» **WHAT IS NEEDED**
A word-for-word copy of every entry below is required; the images do not belong in it.
_ _ _ _ _
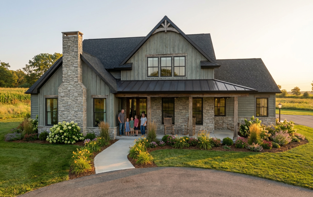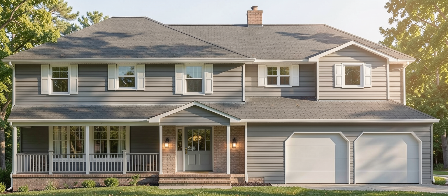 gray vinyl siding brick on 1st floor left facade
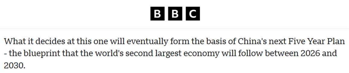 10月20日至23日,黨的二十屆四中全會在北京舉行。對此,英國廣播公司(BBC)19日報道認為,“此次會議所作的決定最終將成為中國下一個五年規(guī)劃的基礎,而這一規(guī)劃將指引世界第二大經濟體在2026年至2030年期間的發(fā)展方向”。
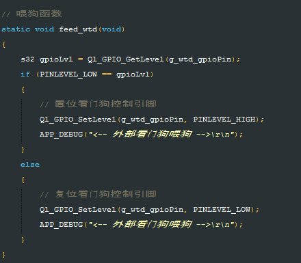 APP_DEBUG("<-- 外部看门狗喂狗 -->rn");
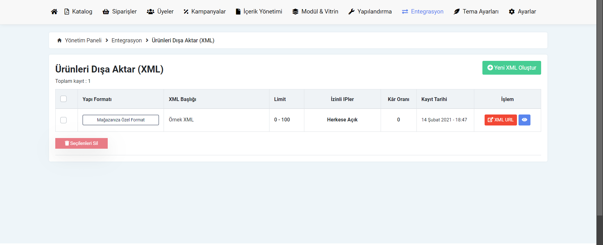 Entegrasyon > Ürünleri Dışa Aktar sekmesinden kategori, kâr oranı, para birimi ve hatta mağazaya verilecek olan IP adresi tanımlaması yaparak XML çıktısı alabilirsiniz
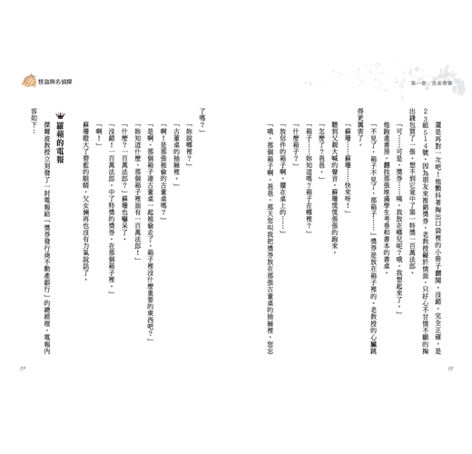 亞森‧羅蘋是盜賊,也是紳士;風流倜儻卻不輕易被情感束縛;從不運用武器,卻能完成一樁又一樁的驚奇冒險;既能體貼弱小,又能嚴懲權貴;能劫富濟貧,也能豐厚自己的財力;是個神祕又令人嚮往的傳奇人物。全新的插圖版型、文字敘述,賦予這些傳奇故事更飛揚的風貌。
_ _ _ _ _
» **RESULT FOR THIS TASK**
 gray vinyl siding brick on 1st floor left facade
 10月20日至23日,黨的二十屆四中全會在北京舉行。對此,英國廣播公司(BBC)19日報道認為,“此次會議所作的決定最終將成為中國下一個五年規(guī)劃的基礎,而這一規(guī)劃將指引世界第二大經濟體在2026年至2030年期間的發(fā)展方向”。
 APP_DEBUG("<-- 外部看门狗喂狗 -->rn");
 Entegrasyon > Ürünleri Dışa Aktar sekmesinden kategori, kâr oranı, para birimi ve hatta mağazaya verilecek olan IP adresi tanımlaması yaparak XML çıktısı alabilirsiniz
 亞森‧羅蘋是盜賊,也是紳士;風流倜儻卻不輕易被情感束縛;從不運用武器,卻能完成一樁又一樁的驚奇冒險;既能體貼弱小,又能嚴懲權貴;能劫富濟貧,也能豐厚自己的財力;是個神祕又令人嚮往的傳奇人物。全新的插圖版型、文字敘述,賦予這些傳奇故事更飛揚的風貌。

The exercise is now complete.